The subspecies of the montane foliage-gleaner are found thus:

- A. s. anxia: northern Colombia's Sierra Nevada de Santa Marta
- A. s. perijana: the Serranía del Perijá on the Venezuela/Colombia border
- A. s. venezuelana: coastal and near-coastal mountains of north-central Venezuela
- A. s. striaticollis: Andes of western Venezuela and all three Andean ranges of Colombia
- A. s. montana: eastern slope of the Andes from Colombia's Nariño Department south through eastern Ecuador into eastern Peru as far as the Department of Junín
- A. s. yungae: eastern slope of the Andes from the Department of Cuzco in Peru south into Bolivia as far as Santa Cruz Department

The montane foliage-gleaner inhabits montane evergreen forest in the subtropical and foothill zones. In elevation it mostly ranges between 900 and 2300 m though it reaches 2800 m in Colombia. In Ecuador its range has a narrower 1000 to 1800 m span, and in Peru it occurs as low as 750 m.

==Behavior==
===Movement===

The montane foliage-gleaner is a year-round resident throughout its range.

===Feeding===

The montane foliage-gleaner feeds on arthropods. It forages singly and in pairs, usually as part of mixed-species feeding flocks. It mostly forages from the forest's mid-storey to its subcanopy. It clambers and hops along horizontal branches as it acrobatically gleans its prey from dead leaves, debris, epiphytes, and moss.

===Breeding===

The montane foliage-gleaner is assumed to be monogamous.

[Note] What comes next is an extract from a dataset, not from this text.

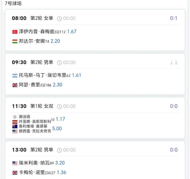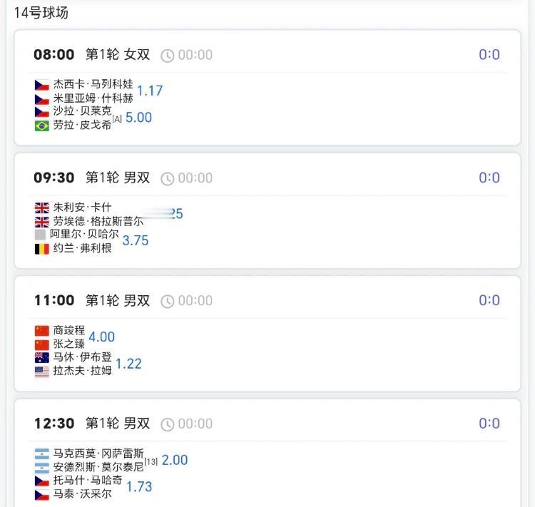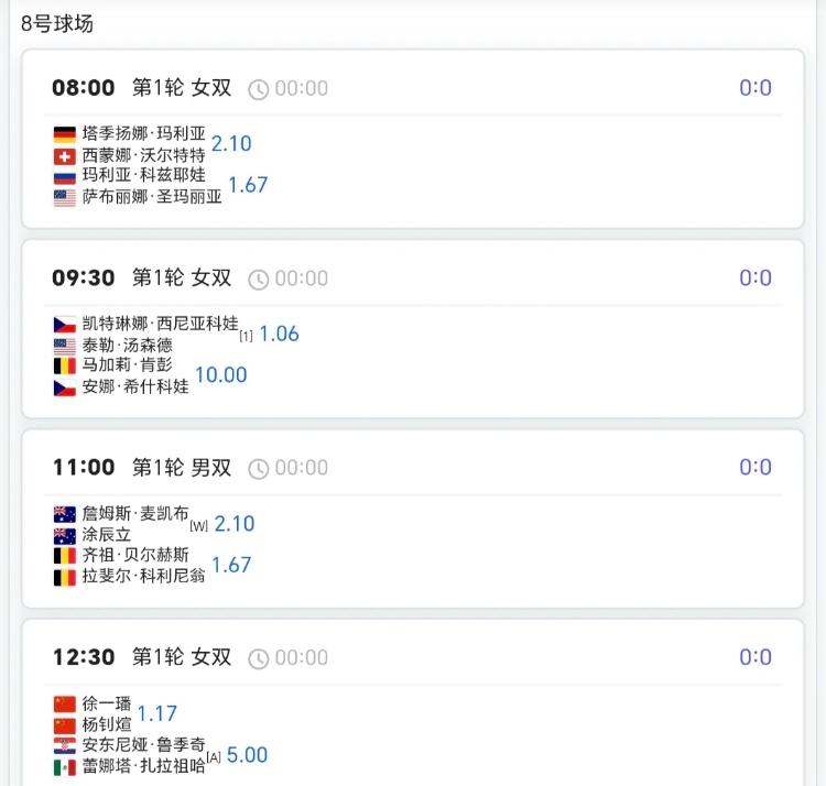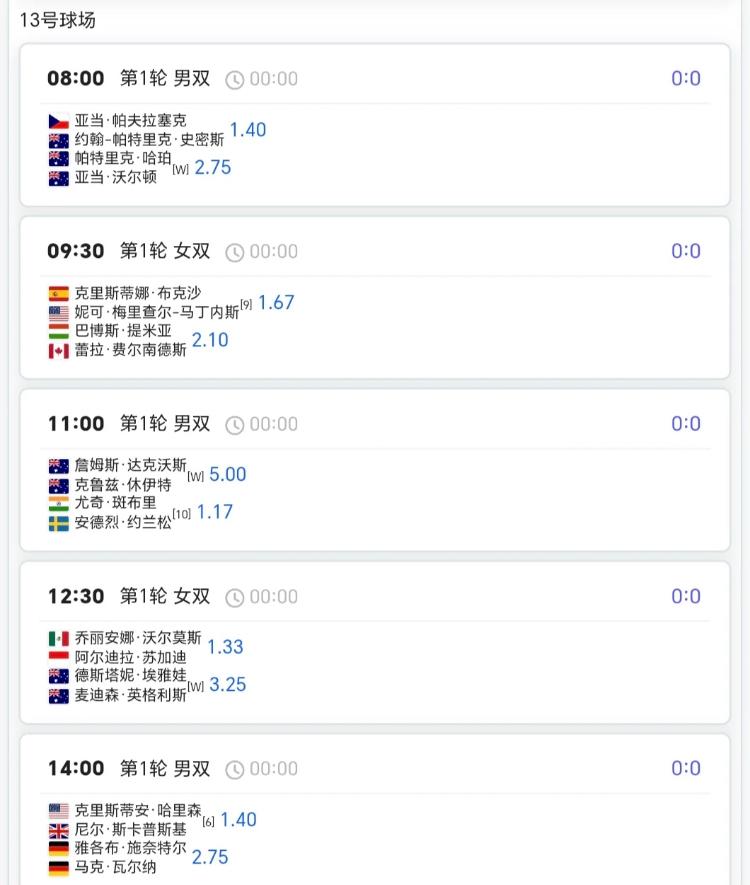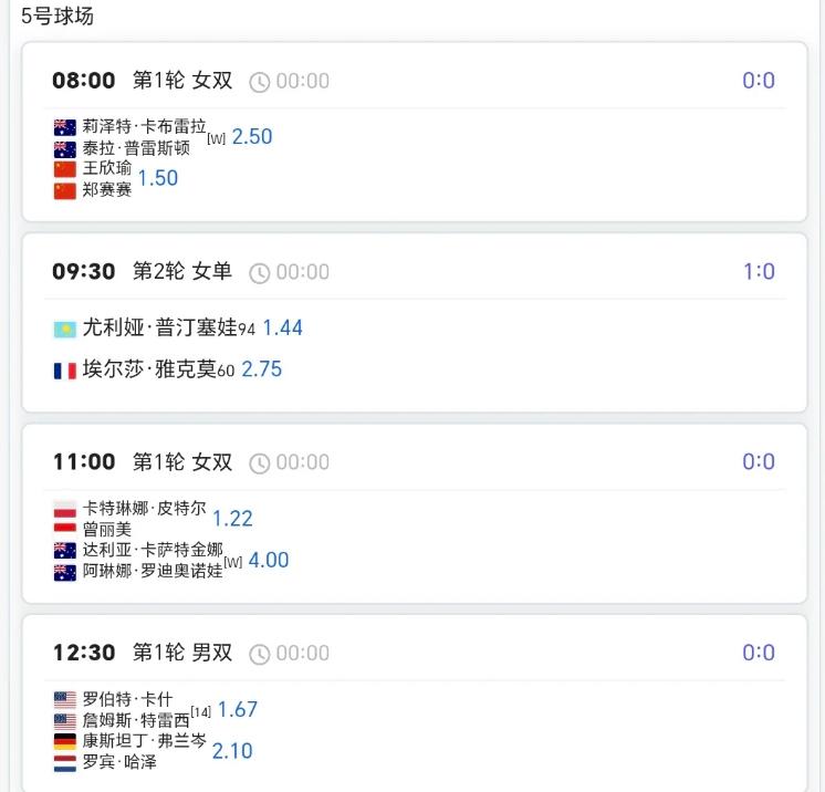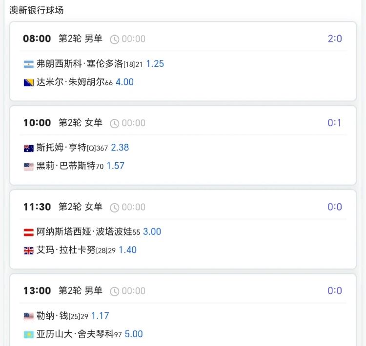 澳网第4日赛程!! 单打次轮+双打首轮 中国球员⏬⏬ 8:00王欣瑜/郑赛赛vs卡布雷拉组合 8:30白卓璇vs萨巴伦卡 11:00商竣程/张之臻vs拉姆组合 12:30杨一帆/徐钊煊vs鲁季奇组合 12:30张帅/梅尔藤斯vs卡琳斯卡娅姐合

The two known nests were in holes in a palm stump and a dead tree that were lined with lichens and moss. The clutches were of two eggs. Nothing else is known about the species' breeding biology.

===Vocalization===

The montane foliage-gleaner's song and calls appear to vary little across its range. One description is "an accelerating, belaboured series of staccato, high-pitched, ticking, squeaky, dry 'peck' or 'tchik' notes, roughly on same pitch, sometimes descending slightly at end, sometimes ending abruptly". Its call is "a high, squeaky, sharp 'chit' or 'tchik' ", and it also gives a "scratchy rattle".

==Status==

The IUCN has assessed the montane foliage-gleaner as being of Least Concern. It has a very large range, and though its population size is not known it is believed to be stable. No immediate threats have been identified. It is considered fairly common to common and occurs in several protected areas.